なお、(X-1)は、酸価は26、Mnは4,500、アイソタクティシティーは14%であった。
【0065】
<実施例2~15、比較例1>
実施例1において、表2にしたがった以外は、実施例1と同様に行い、各酸変性ポリオレフィン(X)を含有してなる各無機繊維分散剤(Y)を得た。結果を表2に示す。
【0066】
【表2】
【0067】
<実施例16~37、比較例11~15>
前記得られた分散剤(Y)、および下記の使用原料[ポリオレフィン樹脂(E)、無機繊維(F)]を、表3の配合組成(部)に従って、それぞれヘンシェルミキサーで3分間ブレンドした後、ベント付き2軸押出機にて、180℃、100rpm、滞留時間5分の条件で溶融混練して無機繊維含有ポリオレフィン樹脂組成物(Z)を得た。

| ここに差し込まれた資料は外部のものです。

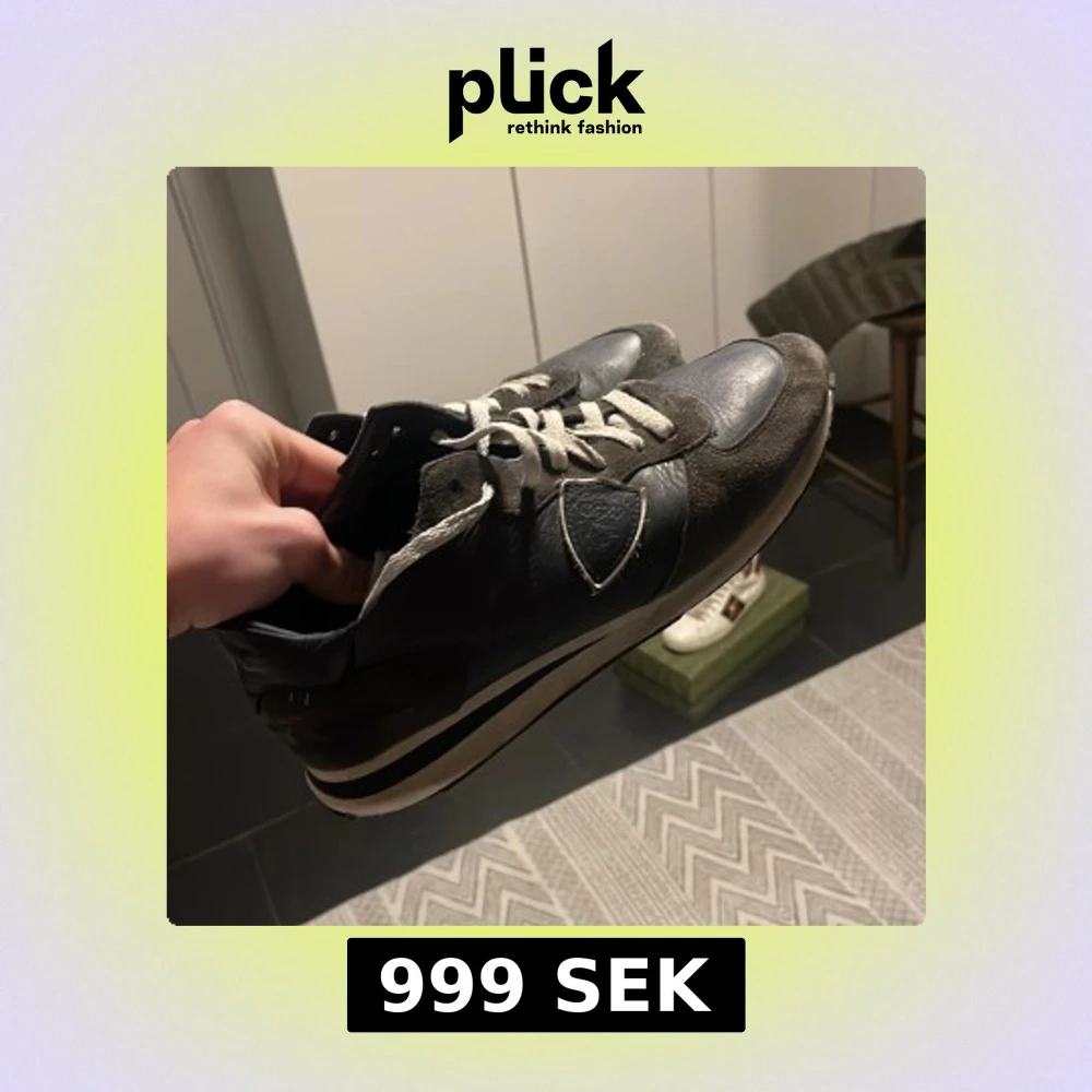 Snygga svarta sneakers med vita snören och detaljer. Skorna har en kombination av skinn och mocka, vilket ger dem en stilren look. Perfekta för en casual stil. Storlek 43 passar mindre

各無機繊維含有ポリオレフィン樹脂組成物(Z)について射出成形機[商品名「PS40E5ASE」、日精樹脂工業(株)]を用い、シリンダー温度190℃、金型温度60℃で成形し、所定の試験片を作成後、後述の評価方法に従って評価した。結果を表3に示す。
【0068】
なお、表3中の使用原料は、以下のとおりである。
<使用原料>
ポリオレフィン樹脂(E)
(E-1):市販のポリプロピレン[商品名「サンアロマーPL500A」、
サンアロマー(株)製、Mn300,000]
(E-2):市販のポリエチレン[商品名「ノバテックHJ490」、
日本ポリエチレン(株)製、Mn300,000]
(E-3):市販のエチレン/プロピレン共重合体
[商品名「サンアロマーPB222A」、サンアロマー(株)製、
Mn350,000]
【0069】
無機繊維(F)
(F-1):ガラス繊維[商品名「FT157C」、旭ファイバーグラス(株)製、
繊度2,200tex、繊維径16μm]を繊維長5mmにカットしたもの
(F-2):炭素繊維[商品名「トレカT700SC-1200」、東レ(株)製、
ポリアクリロニトリル系、繊度800tex、フィラメント数12,000]
を繊維長5mmにカットしたもの
(F-3):アルミナ繊維[商品名「デンカアルセンバルク」、デンカ(株)製、
繊維径5μm]
(F-4):ステンレス繊維[商品名「ナスロン」、山中産業(株)製、
繊維径8μm]を繊維長5mmにカットしたもの
(F-5):ウォラストナイト[商品名「ウォラストナイト」、関西マテック(株)製]
(F-6):炭化ケイ素繊維[商品名「チラノ繊維ZMI」、宇部興産(株)製、
繊度200tex、繊維径11μm]を繊維長5mmにカットしたもの
【0070】
<1>耐衝撃性(単位:kJ/m2
JISK7111に準拠してシャルピー衝撃値を測定した。
【0071】
<2>ポリオレフィン樹脂(E)と無機繊維(F)との親和性
上記<1>の試験後の試験片の破断面を観察し、(E)と(F)の親和性を以下の評価基準で評価した。
<評価基準>
◎:(E)/(F)間に界面剥離なし
○:(E)/(F)間に界面剥離があるがごく一部
△:(E)/(F)間に界面剥離がやや多い
×:(E)/(F)間に界面剥離が多い
【0072】
<3>成形性(耐金型汚染性)
得られた無機繊維含有ポリオレフィン樹脂組成物(Z)を、100回成形を行った。実施後の金型を目視して、以下の基準で評価した。
<評価基準>
◎:金型に変化なし
○:金型に汚れがごくわずか
△:金型に汚れが確認できる
×:金型に汚れが多い
【0073】
【表3】
【0074】
表1~3の結果から、本発明の無機繊維分散剤は、比較のものと比べて、無機繊維の分散性に優れ、無機繊維含有ポリオレフィン樹脂組成物に優れた成形性、成形品に優れた機械的強度を付与することがわかる。
【産業上の利用可能性】
【0075】
本発明の無機繊維分散剤は、無機繊維の分散性に優れ、無機繊維含有ポリオレフィン樹脂組成物に優れた成形性を付与し、成形品は、優れた機械的強度を有するため、電気・電子機器用、搬送材用、生活資材用および建材用等の幅広い分野に好適に適用することができることから、極めて有用である。